Three-dimensional surface finish data of a machined component at different magnifications: (a) 3.2 × 2.9 mm, (b) 0.32 × 2.9 mm, showing one complete machining groove along which several two-dimensional profiles were extracted, and (c) normalised spatial frequency.

Effect of material removal rate on surface finish spectral peak height at a spatial frequency equivalent to 4.5 kHz.
Separate analysis of the demodulated AE recorded during machining at the same region in the record (located from the position of the analysed surface profile and the known feed rate) was carried out. The raw AE signal was first averaged digitally with an averaging time sufficient to reduce the effective sampling rate to one that would reveal demodulated frequencies in 10-kHz region. The averaged time series was then passed through an FFT algorithm, and the heights of the resulting major frequency peaks were recorded.

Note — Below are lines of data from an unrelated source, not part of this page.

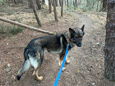 I took Chico and Paisley on a hike late this afternoon. It was cold and windy and I was afraid that Paisley's presence would undo all the progress that Chico had made on our walks. I started out with him on the Gentle Leader as always, but then switched my leash to his collar instead. I left the Gentle Leader on him and I think it served as a reminder of how he was supposed to walk because he was really quite good, sticking to my left side and not pulling me around or moving back and forth the way Paisley was doing.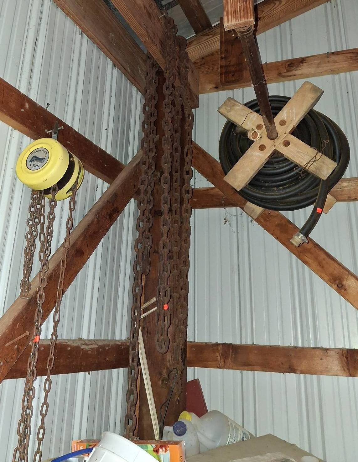 909 1-Ton Chain Hoist with Metal Chains and Wall-Mounted Hose Reel (remove by buyer)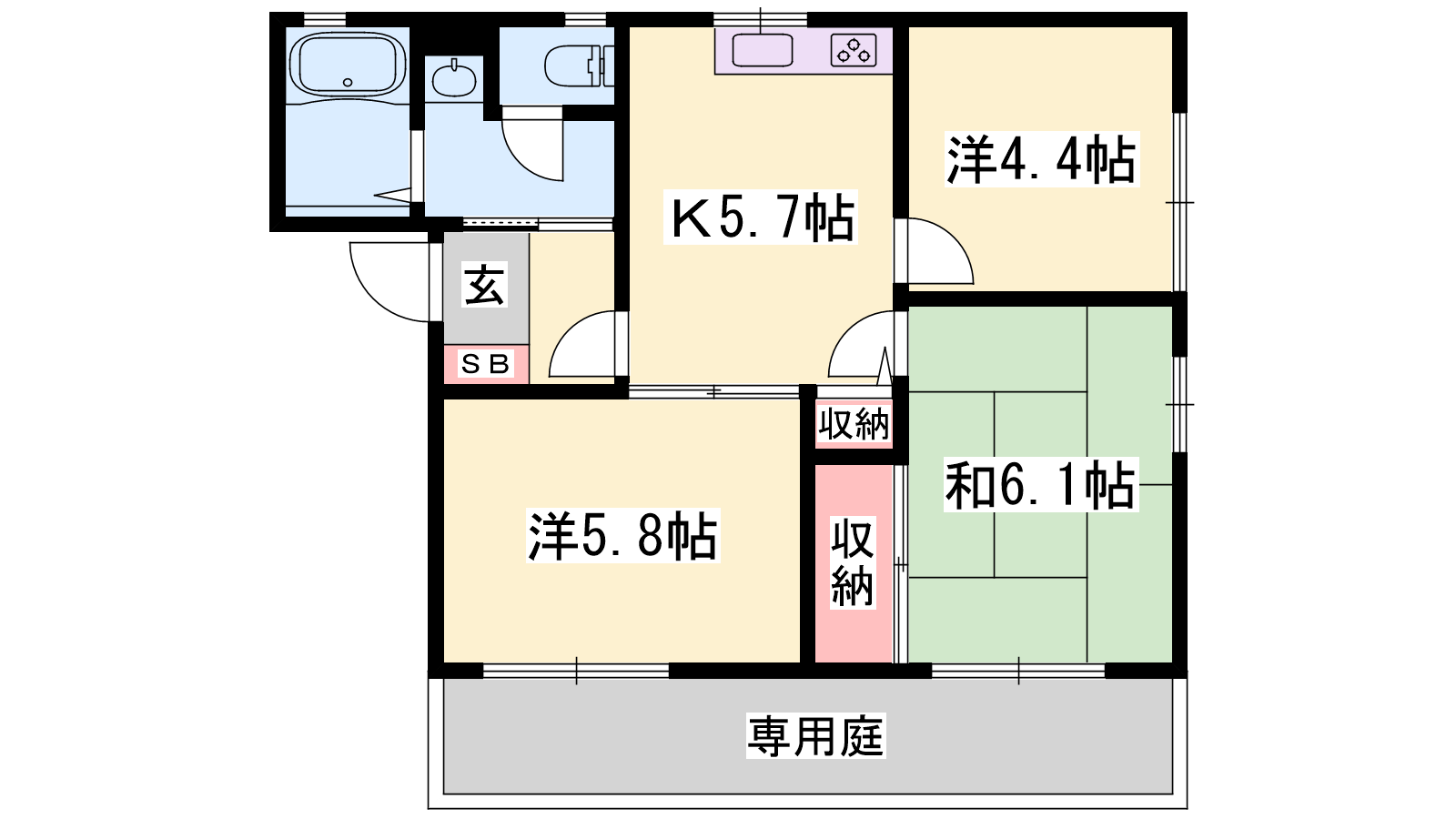 - K5.7帖、洋室5.8帖、洋室4.4帖、和室6.1帖

A correlation between the AE spectral peak heights at 4.5 kHz and MRR was again observed, as can be seen in Figure 12. The above analysis is rather laborious, since the surface profile instrument does not operate online and the two records had to be manually matched. However, the results are sufficiently promising to suggest that demodulated AE could be used as an online indicator of the force pulsations that give rise to the non-kinematic patterns in the machined surface.

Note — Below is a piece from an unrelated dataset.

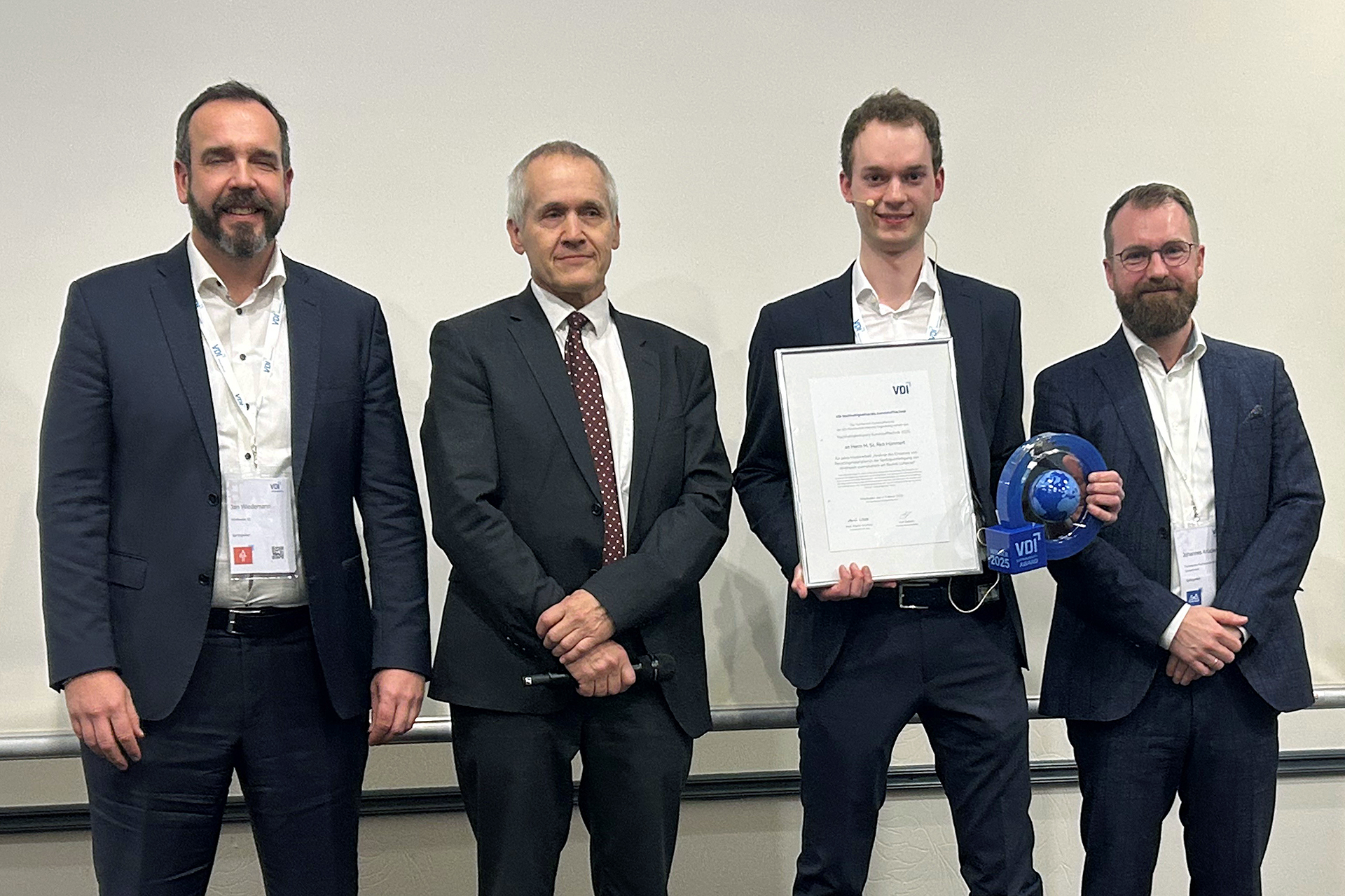 Mit diesem Preis würdigt der Fachbereich Kunststofftechnik des Vereins Deutscher Ingenieure e. V. (VDI) Hochschulabsolventinnen und -absolventen für besondere Leistungen im Bereich Nachhaltigkeit in der Kunststofftechnik aus und fördert dadurch den Nachwuchs auf diesem Fachgebiet. Der Titel der preisgekrönten Masterarbeit lautet „Analyse des Einsatzes von Recyclingmaterialien in der Spritzgussfertigung von Wirthwein exemplarisch am Bauteil Lüfterrad“.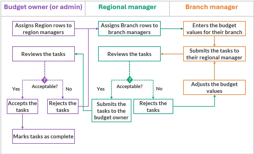 The workflow status of each row is clearly visible to everyone involved in the budgeting process. You can use the workflow history, workflow comments, and cell comments to keep track of what's happening.

Effect of material removal rate on demodulated AE spectral peak height at 4.5 kHz.
Conclusions
In the course of this work, a number of conclusions were formed about the inter-relationship between the primary offline measures of component quality, residual stress and surface finish; the secondary online and offline assessments of quality, including tool temperature, hardness and metallographic structure and the primary and secondary measurements, AE and cutting force. These are covered elsewhere, 23 and the following conclusions are confined to those directly about the relationship between AE and component quality.

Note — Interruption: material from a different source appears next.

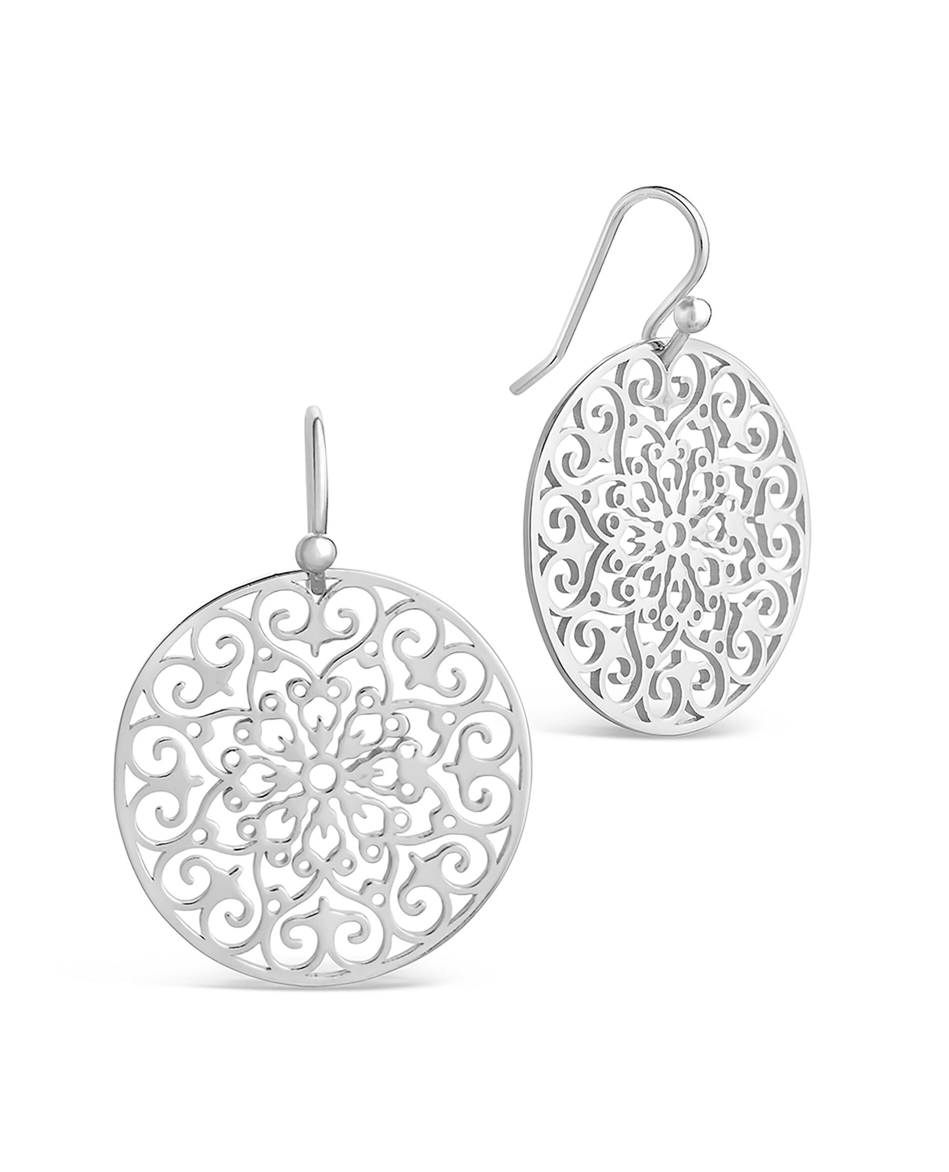 Want to add some delicate details to your look? This pair of round filigree dangle earrings are sure to do that. Choose from the gold, silver, or rose gold tones -- each of them is sure to impress, no matter where you wear these earrings. Materials - 14K gold vermeil, 14K rose gold vermeil, sterling silver Features - Approx. 1" disk, Lead Nickel free, fish hook post

Demodulated resonance analysis of the AE signal shows excellent promise as a means of assessing the degree to which tool vibration affects the finished surface profile. It appears that vibration of the tool relative to the workpiece modulates the steady AE generated during the continuous process of cutting. Frequencies corresponding to the non-kinematic features within the tool groove are clearly present in the demodulated AE spectra giving harmonic series similar to those generated by pulse trains. With some development of the techniques and appropriate calibration, the demodulated AE ought to be able to predict the deviation from the theoretical Ra generated by an imprint of a rigid tool, that is, the non-kinematic patterns referred to in ‘Component surface finish correlation with AE’.
Similarities between the AE energy and cutting forces experienced during machining suggest that AE energy is a useful surrogate for cutting force avoiding the need for a force transducer, which inevitably introduced compliance. This, supplemented with the information on mean frequency, could yield information on the thermo-mechanical conditions at the cutting tip.
While it was possible to link the cutting forces and the AE to MRR and mechanical energy input rate, it did not prove possible to demonstrate that AE could be used to monitor residual stress. The reason for this lies partly in the degree to which this aspect of quality could be measured in this work, and partly in the generally low levels of residual stress encountered in these finishing operations. Scattered, low levels of residual stress have also been reported by other workers using the same material under finishing conditions (El-Axir 22 ).
Footnotes
Declaration of conflicting interests
The authors declare that there is no conflict of interest.
Funding
This work was funded by the Engineering Doctorate Centre at Heriot-Watt University, under the Engineering and Physical Sciences Research Council, UK, and also AWE plc, UK.